Task description
For this exercise, copy all the data exactly and include none of the pictures.

Dataset section
====

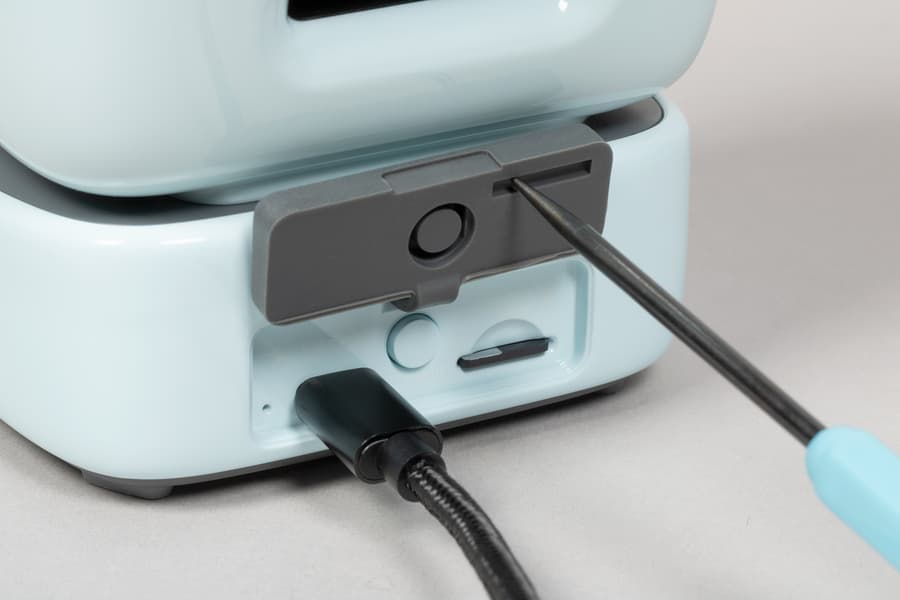 Перед первым использованием устройство неплохо бы зарядить, потому отгибаем силиконовую накладку на задней панели, а под ней обнаруживаем порт USB Type C для зарядки. По центру размещена кнопка включения, нажимать которую можно и не убирая силиконовую накладку, а нажимая прямо на ее центр.
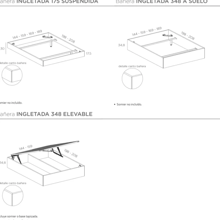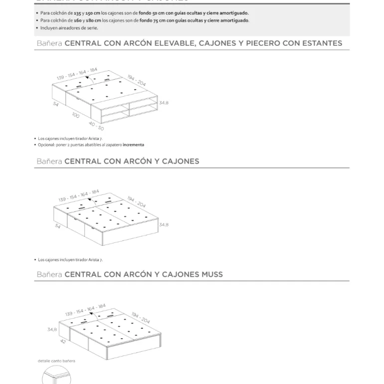 ✓ Bañera recta volada: 150*42*190 cm. (También disponible para cama de 160 y 135)
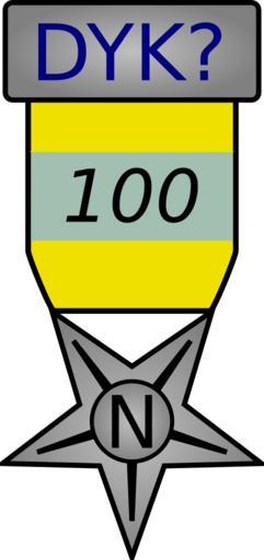 Keywords: Dyk100N.svg own User Certes Proposed award for Award for 100 DYK nominations at Did you know Own work by Certes following request at WP GL/I Certes en Original upload log en wikipedia FtCG page en wikipedia Dyk100N svg wikitable Date/Time Dimensions User Comment - 16 09 2 January 2010 203 × 431 6 329 bytes Certes w en <nowiki> Proposed award for Award for 100 DYK nominations at Own work by following request at WP GL/I </nowiki> Wikipedia Did you know awards |
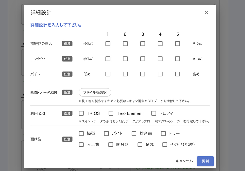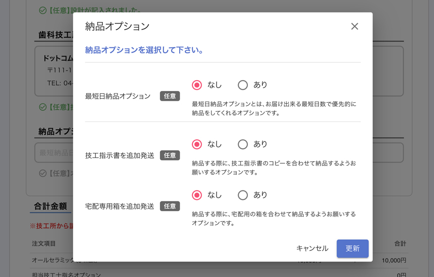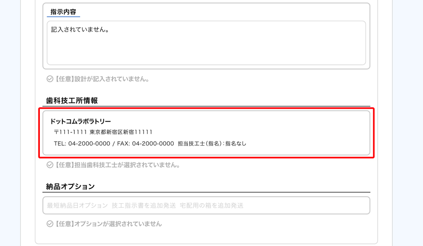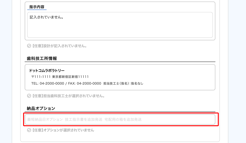 この項目は任意の項目になっており、最短納品オプション・技工指示書の追加発送・宅配専用箱を追加発送がある方はこの項目から選択してください。

====

Output for this task
 Перед первым использованием устройство неплохо бы зарядить, потому отгибаем силиконовую накладку на задней панели, а под ней обнаруживаем порт USB Type C для зарядки. По центру размещена кнопка включения, нажимать которую можно и не убирая силиконовую накладку, а нажимая прямо на ее центр.
 ✓ Bañera recta volada: 150*42*190 cm. (También disponible para cama de 160 y 135)
 Keywords: Dyk100N.svg own User Certes Proposed award for Award for 100 DYK nominations at Did you know Own work by Certes following request at WP GL/I Certes en Original upload log en wikipedia FtCG page en wikipedia Dyk100N svg wikitable Date/Time Dimensions User Comment - 16 09 2 January 2010 203 × 431 6 329 bytes Certes w en <nowiki> Proposed award for Award for 100 DYK nominations at Own work by following request at WP GL/I </nowiki> Wikipedia Did you know awards |
 この項目は任意の項目になっており、最短納品オプション・技工指示書の追加発送・宅配専用箱を追加発送がある方はこの項目から選択してください。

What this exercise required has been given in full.